* GIVEN DATA
——
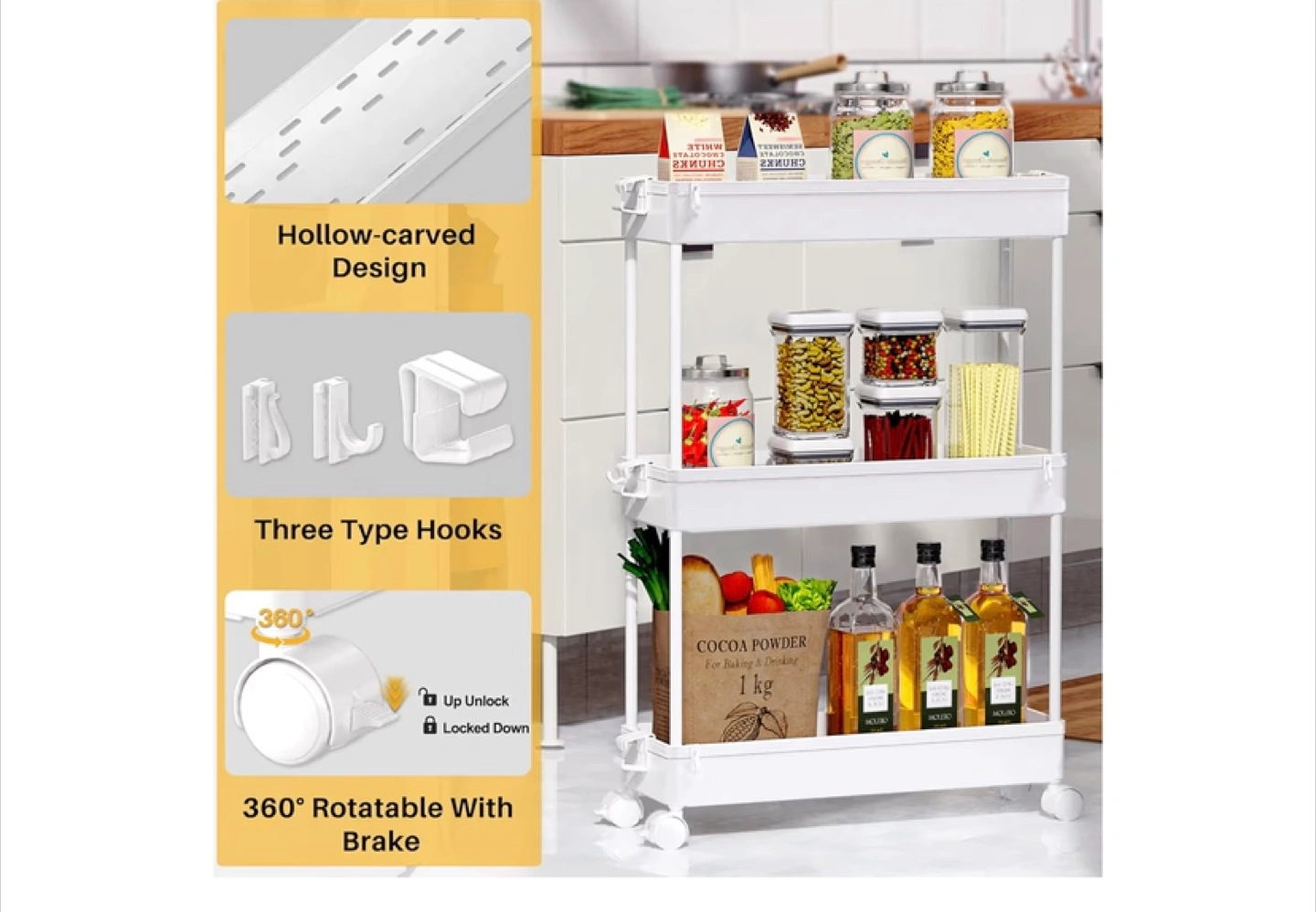 SPACEKEEPER 3-Tier Rolling Storage Cart
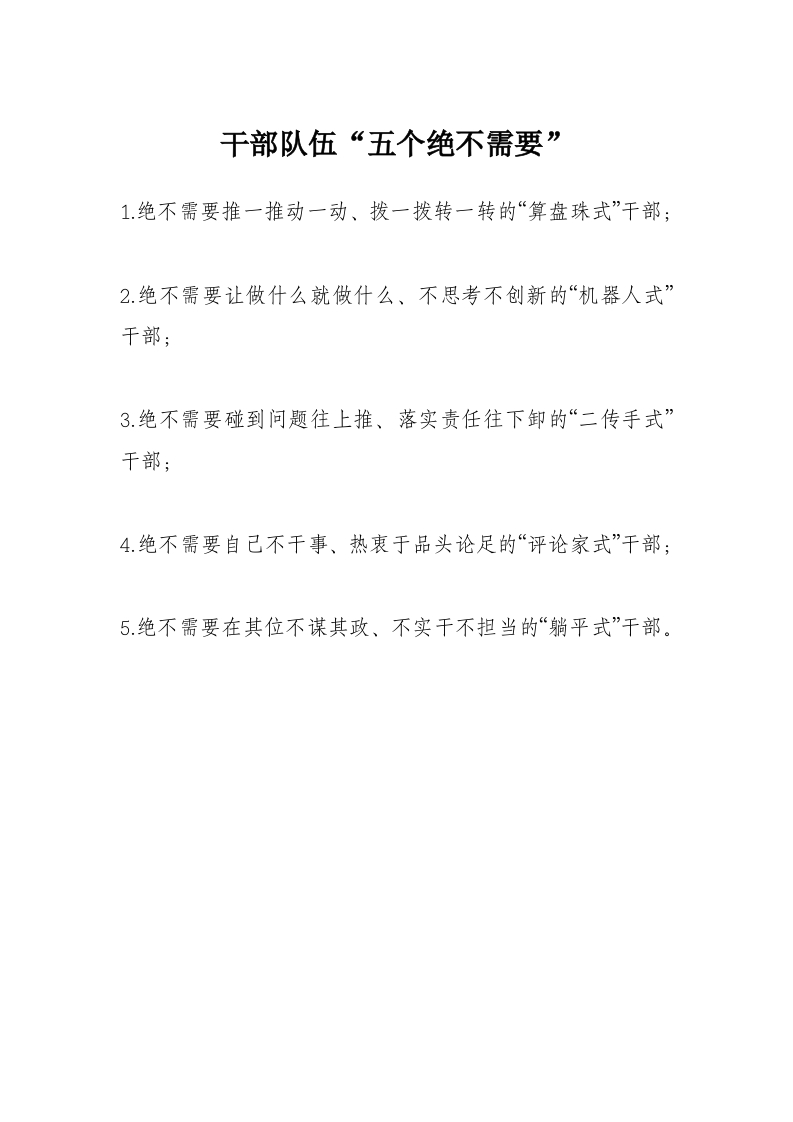 干部队伍“五个绝不需要”
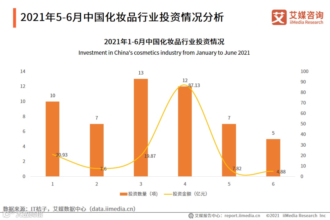1. 2021年5-6月中国化妆品行业投资情况分析
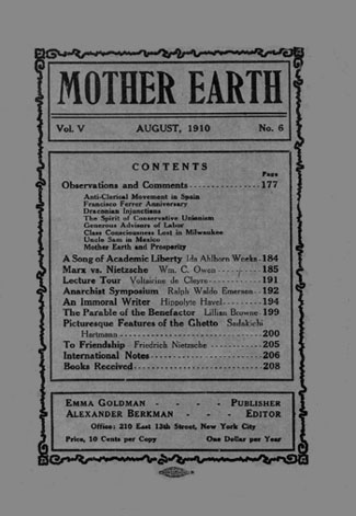 For more the benefit of all concerned, we will state that, considering the expenses of a magazine, the surplus of five hundred dollars is barely sufficient to tide Mother Earth over the few summer months. As to having the magazine on a safe material basis, or out of financial difficulties, - that is out of the question, at least until the social revolution arrives. We therefore very gently call the attention of our readers to the eternal struggle for existence of a magazine like Mother Earth.
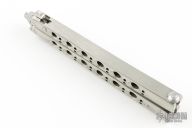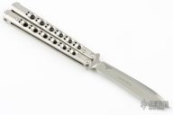 This Model 41SS Balisong from Benchmade features a recurve drop point blade with swedge. The handle has a stainless steel frame with spring T-latch. Comes with original box, papers, and belt sheath. Excellent condition.
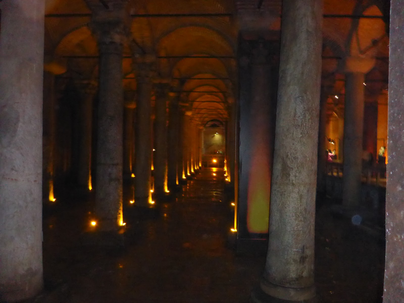 La citerne basilique, construite durant la période byzantine. 140 mètres de longueur, 70 mètres de largeur - 336 colonnes, en 12 rangées de 9 mètres de haut. Impressionant. L'eau y coule encore mais la citerne n'est plus utilisée. |
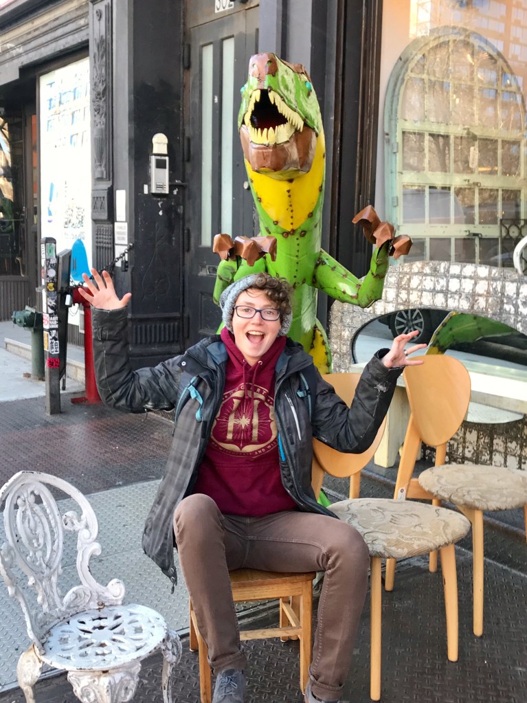 We met at a nerdy bar in Brooklyn, NY, The Way Station, and started dating in 2015. Since then we’ve adopted two cats, gotten married and had many other adventures.
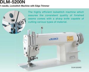 Máy JUKI DLM-5200Nmáy 1 kim công nghiệp có dao cắt mép, giúp may và cắt mép vải đồng thời, mang lại đường may phẳng, gọn, đẹptăng năng suất sản xuất.
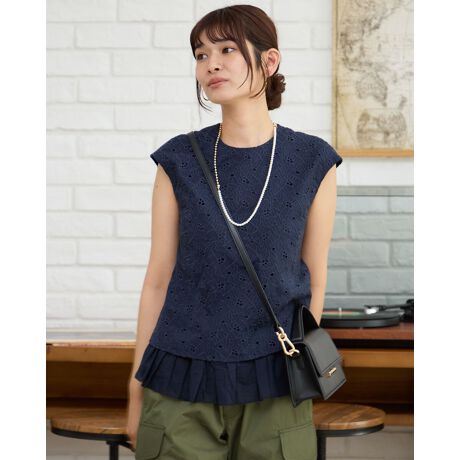 生地全体に刺しゅうや穴の開いたアイレットの連続模様が施されているオーバーレースを使った華やかなブラウス。裏面に別地を付け肌が透けることなく着用が可能。タイトなネックとは反対に腕を出し肌の露出に強弱を付け品の良さや大人っぽさを演出しています。肩先を少し覆った袖口のディティールもポイント。バングルを添えた辛口なコーデやデニムを合わせて甘さを軽減した着こなしもレースが活きて素敵です。
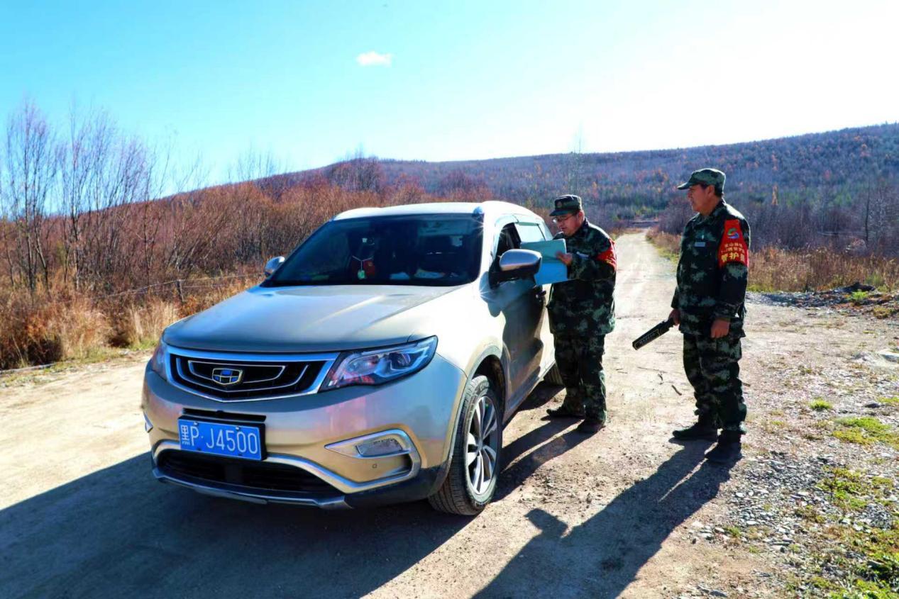 阿木爾林業(yè)局1—2線的趙鳳歧、趙焱父子管護員,對入山車輛和人員進行檢查登記(王力 攝)
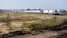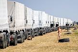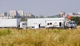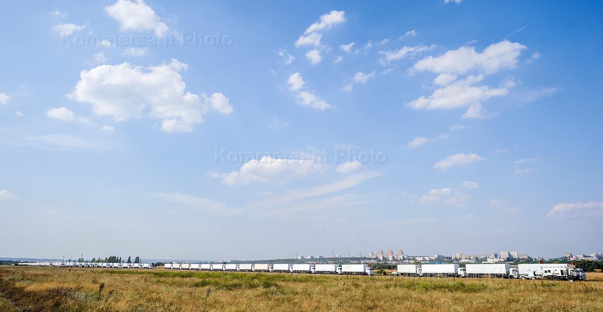 Конвой с гуманитарным грузом для жителей юго-восточной Украины на аэропорте "Балтиморе" под Воронежем.
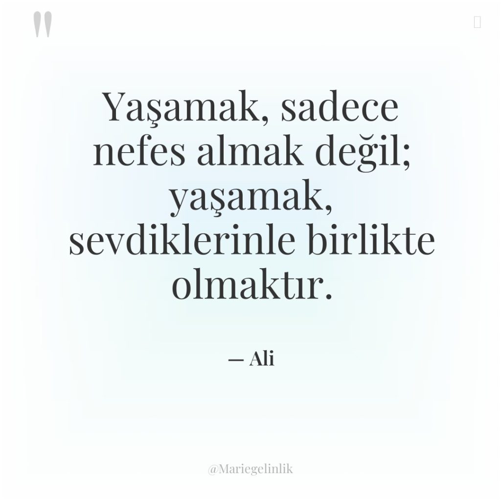 Yaşamak, sadece nefes almak değil; yaşamak, sevdiklerinle birlikte olmaktır.
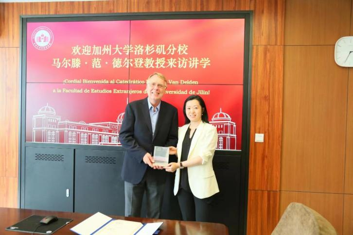伊比利亚美洲研究中心特聘研究员。张玫玫院长向他颁发了聘书,希望他有机会再次来到学院,开展长期学术交流项目。在聘认仪式上,张蕊副教授将学术译著《勇敢的新世界——西班牙语美洲小说中的史诗、乌托邦与神话》赠予马尔滕·范·德尔登教授留念,感谢他为此书撰序,并在百忙之中来到中国与同学们相聚长春。
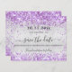 Ett giftigt och trendig Spara datum för en 40:e (eller någon annan ålder) födelsedagsfest. En modern faux silver tittar bakgrund som dekoreras med violett, lavender färgad faux glitter-gnistor. Anpassa och lägg till datum och namn/ålder 40. Texten: Spara datumet skrivs med ett stort trendig-handskript i stil.
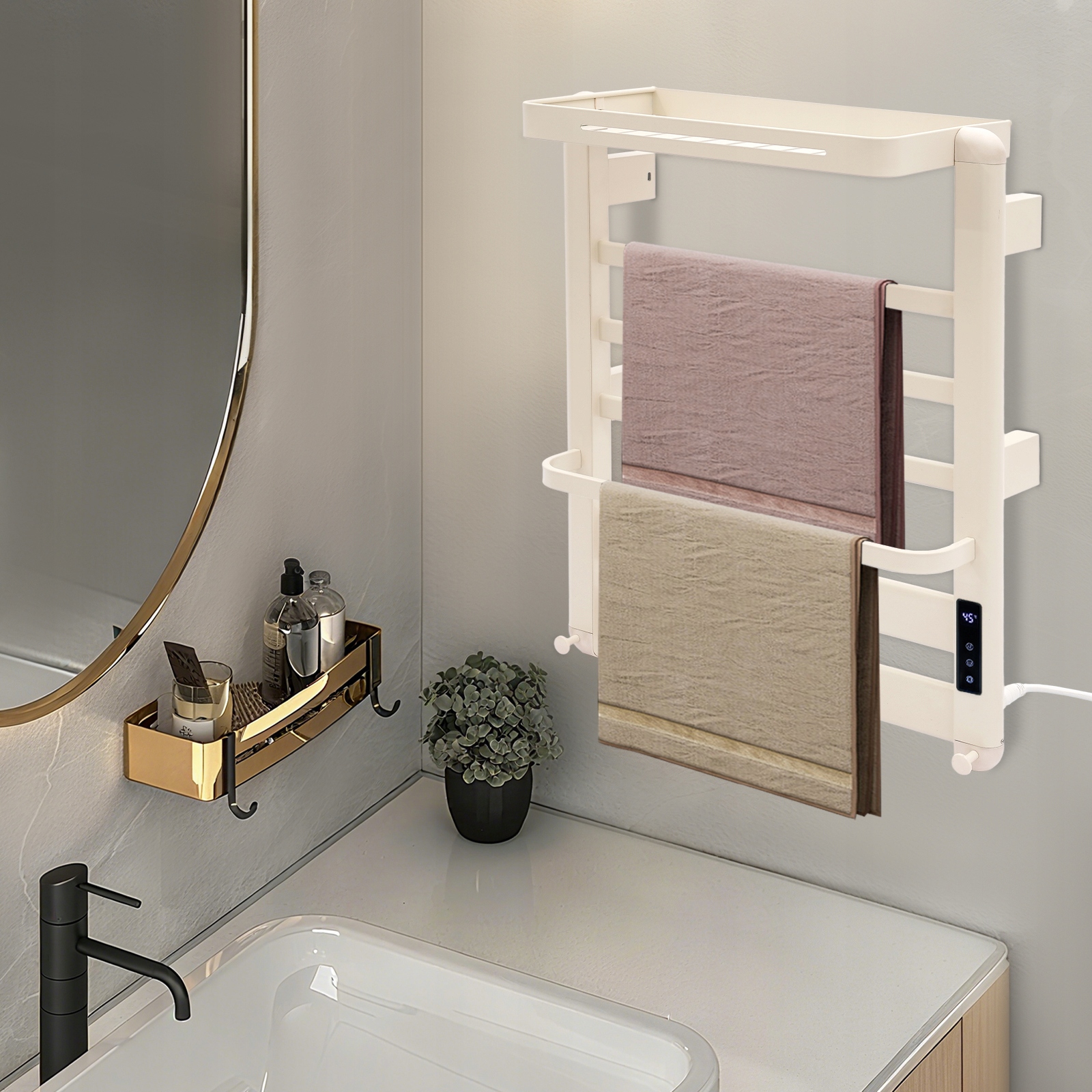 - Исключительная ценность: Эта электрическая вешалка для полотенец большой вместимости не только сохраняет ваши полотенца теплыми и уютными зимой, но также предлагает удобное место, чтобы их аккуратно повесить. Верхнюю полку можно использовать для размещения диффузора или других необходимых аксессуаров для ванной комнаты.
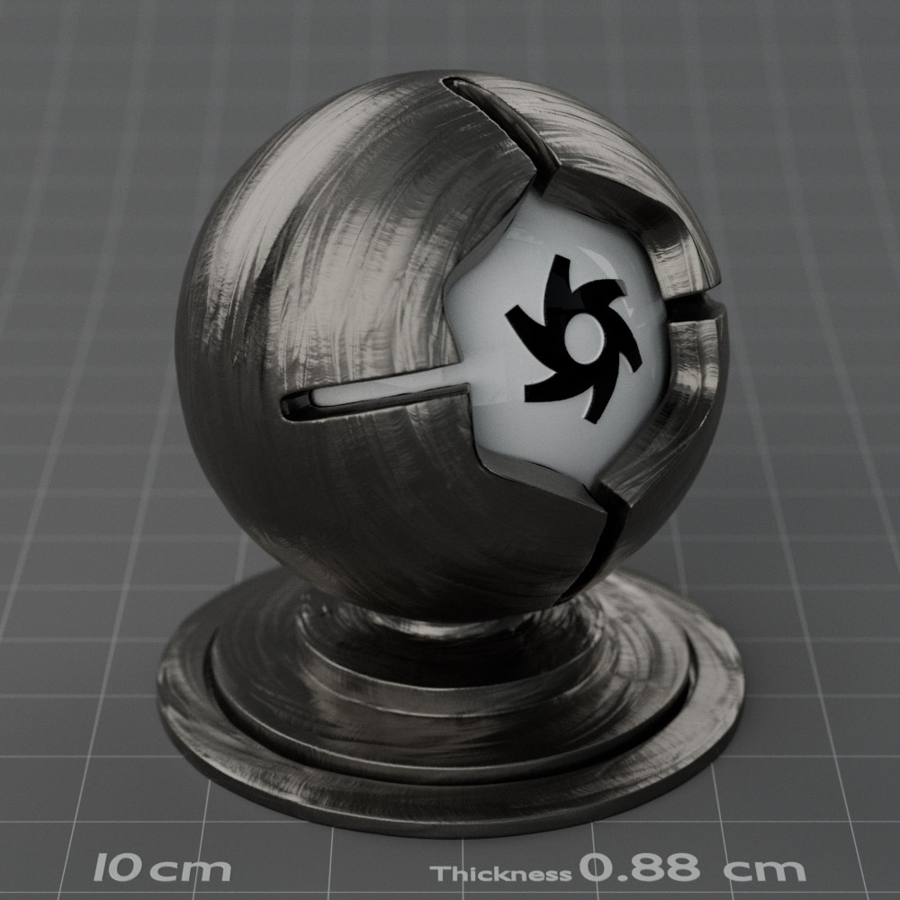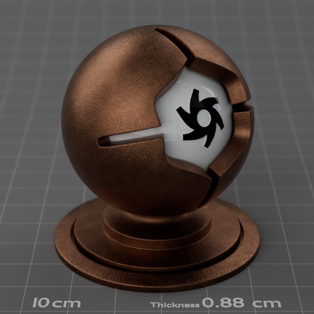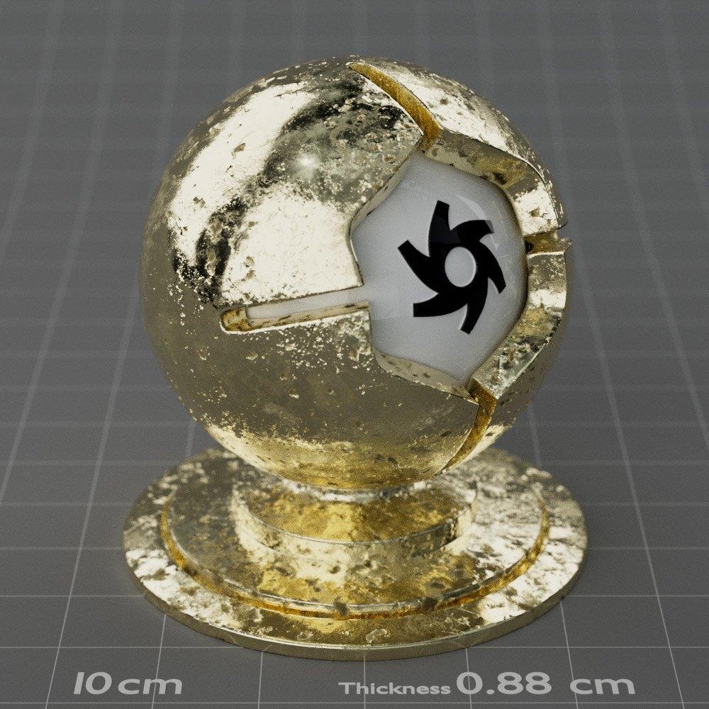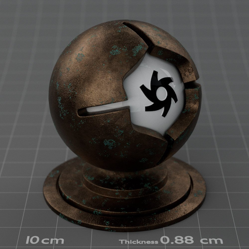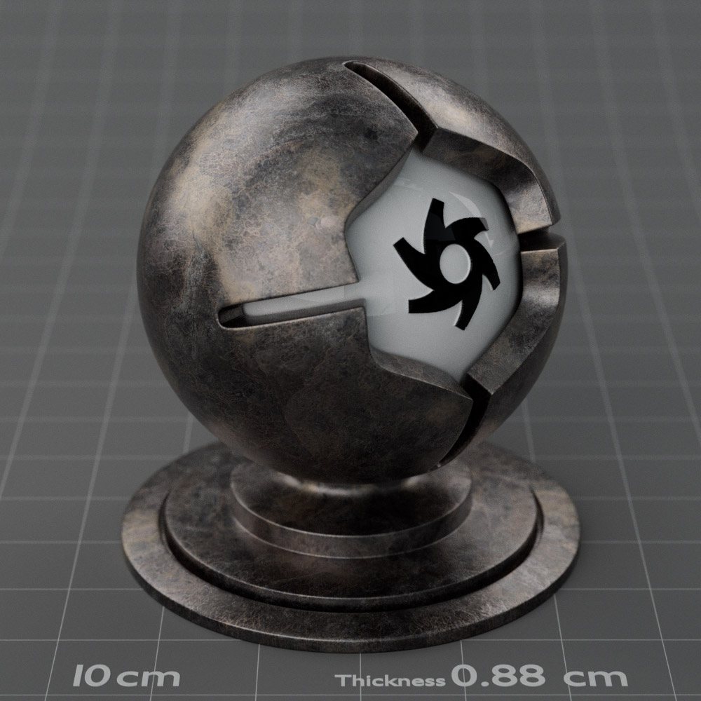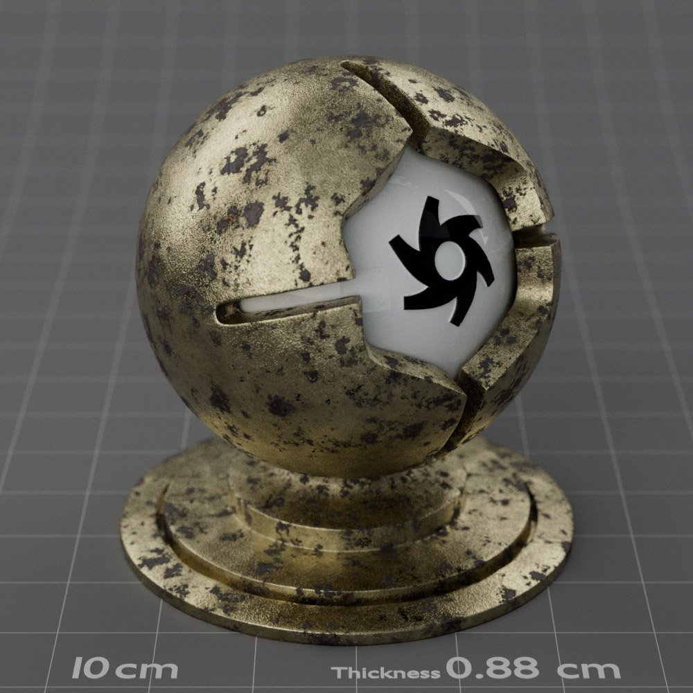 Included are 10 base metals: Aluminum, Brass, Bronze, Chrome, Copper, Gold, Iron, Platinum, Silver, and Steel. Every one has dozens of mutations like Polished, Smudged, Sandblasted, Cast, Grinded, Raw, Brushed, Powder Coated, Galvanized, Hammered, Wrought, Forged, Corroded/Rusted, Painted, Scratched, Pitted, Dented, and Damaged. This pack will help you iterate and find the perfect metal quickly, without having to dive into the node tree.
——
* THE PROBLEM
A verbatim reproduction is expected: starting at the line above that has "Yaşamak, sadece nefes", ending at the line that has "伊比利亚美洲研究中心特聘研究", both included, and with no pictures and no other lines.

* TASK ANSWER
 Yaşamak, sadece nefes almak değil; yaşamak, sevdiklerinle birlikte olmaktır.
伊比利亚美洲研究中心特聘研究员。张玫玫院长向他颁发了聘书,希望他有机会再次来到学院,开展长期学术交流项目。在聘认仪式上,张蕊副教授将学术译著《勇敢的新世界——西班牙语美洲小说中的史诗、乌托邦与神话》赠予马尔滕·范·德尔登教授留念,感谢他为此书撰序,并在百忙之中来到中国与同学们相聚长春。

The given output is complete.